● What is required
Reproduce word for word every line from the one containing "屠宰廠污水處理設備的工作原理" to the final line of the data below; omit the pictures.

● Dataset extract
※ ※ ※

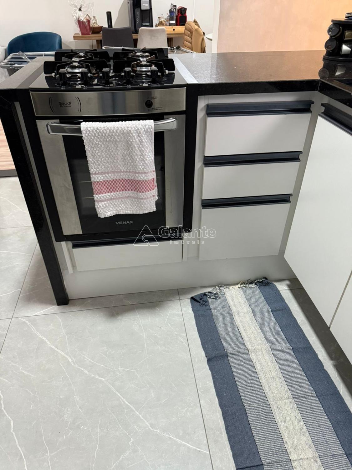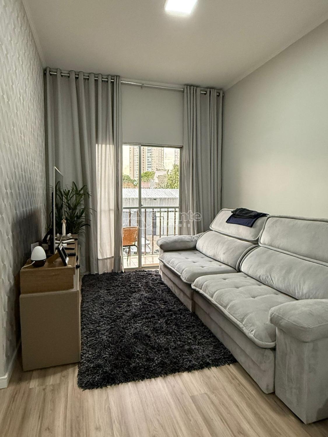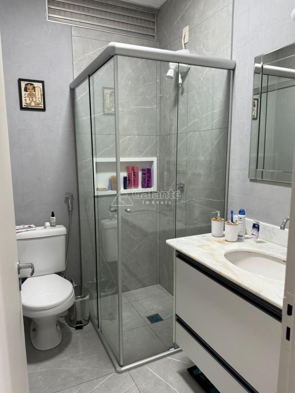 São 104m2 com 3 quartos com planejados sendo 1 suíte, 1 banheiro social, ampla sala para dois ambientes com sacada, cozinha com bancada em granito preto São Gabriel, fogão embutido, dispensa, lavanderia com tanque embutido em granito São Gabriel, 1 vaga coberta e 1 box depósito.
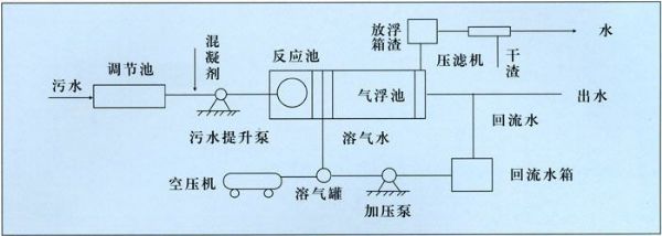 屠宰廠污水處理設備的工作原理是在一定的壓力(0.35~0.45Mpa)下使適量空氣與部分回流水在溶氣罐內形成飽和溶氣載體,經釋放器驟然減壓而獲得大量微細氣泡,迅速粘附于水中流動顆粒、乳化油、澡類和經混凝反應的絮體上,造成絮體比重小于水的狀態(tài),被強制迅浮于水面,從而獲得固液分離。
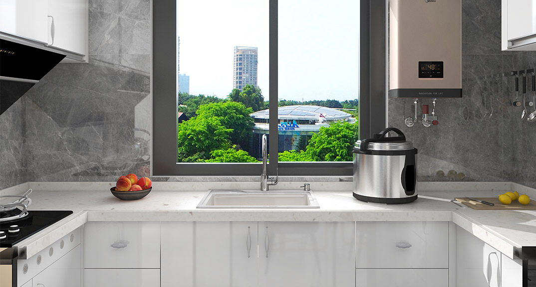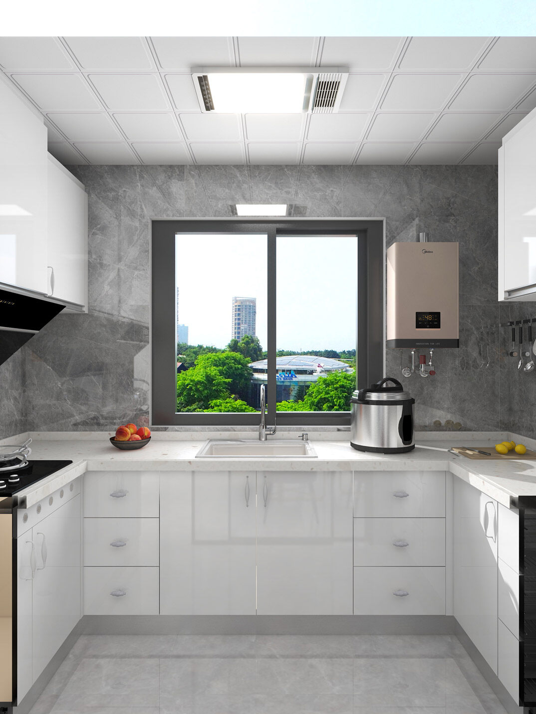保利時代97㎡三室一廳廚房現(xiàn)代風格裝修案例效果圖

※ ※ ※

● Solution for this task
 屠宰廠污水處理設備的工作原理是在一定的壓力(0.35~0.45Mpa)下使適量空氣與部分回流水在溶氣罐內形成飽和溶氣載體,經釋放器驟然減壓而獲得大量微細氣泡,迅速粘附于水中流動顆粒、乳化油、澡類和經混凝反應的絮體上,造成絮體比重小于水的狀態(tài),被強制迅浮于水面,從而獲得固液分離。
保利時代97㎡三室一廳廚房現(xiàn)代風格裝修案例效果圖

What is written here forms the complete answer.